# Just picked up a Korg pitchblack tuner



## Ophidian (May 22, 2006)

So I was just checking out things at the local guitar store today and saw the Pitchblack for $69.. That $20 cheaper then any online store I check before. Needless to say I picked up one. I'll plug it in later tonight after my daughter goes to bed. By the way I picked if up at Axe Music. Thier online store has some too.


----------



## Twanger (Mar 21, 2008)

...


----------



## Teleplucker (Feb 5, 2006)

Ophidian said:


> So I was just checking out things at the local guitar store today and saw the Pitchblack for $69.. That $20 cheaper then any online store I check before. Needless to say I picked up one. I'll plug it in later tonight after my daughter goes to bed. By the way I picked if up at Axe Music.

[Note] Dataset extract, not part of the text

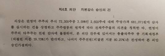 기재부가 보유한 기업 주식을 관리하고 있는 한국자산관리공사(캠코)가 국회 정무위원회 소속 심상정 정의당 의원에 제출한 ‘주주총회 의사록(2012.3)’을 살펴보면 2012년 주총 당시 다스는 제6호 자본감소 승인의 건에 권씨만 유일하게 참여하는 유상감자 안건을 상정한다. 기재부는 유상감자에 반대했지만 지분 80.27%를 보유한 나머지 주주들의 찬성하면서 안건이 가결됐다. 다스는 이듬해 3월 열린 주총에서 유상감자로 발생한 자본 감소분을 이익잉여금으로 충당했다. 2012년 기준 다스가 쌓아놓은 이익잉여금은 1723억원에 달했다.

Thier online store has some too.


I may have to go get one too...I'm tired of fighting with my SS2 at a gig. It's fine for intonation and stuff at home, but I need something simpler on stage.


----------



## 4STYX (Mar 25, 2007)

They're pretty good.Fast and accurate.I like the way the sharps # come up on the note indicator.


----------



## captainbrew (Feb 5, 2010)

I've had a pitch-black for about 2
Years now. Works great. No complaints. Fast, accurate and easy to see the display on a dark stage.


----------



## soldierscry (Jan 20, 2008)

I picked one up a few years ago and love it .


----------



## s2ledesma (Apr 18, 2011)

I own this pedal. True bypass, very durable, accurate and visible in low-light settings


----------



## b-nads (Apr 9, 2010)

...and visible in high light too - great tuner.


----------



## blam (Feb 18, 2011)

i have one as well. great tuner. very responsive.


----------



## Clean Channel (Apr 18, 2011)

I have one, love it. It's bright, accurate, and really easy to read. Try the different display options; I prefer one of the optional ones over the default.


----------



## High/Deaf (Aug 19, 2009)

I really like my Pitchblack. Nice big display. I really like the different tuning modes. My one complaint is that if you don't keep a battery in it, it always defaults to the first tuning mode. I prefer the strobe mode which means I have to set it to that every time I power it up. Other than that, I really like it.

I am thinking about a chromatic TC Electronics tuner next though. I see that they are under $100 now.


----------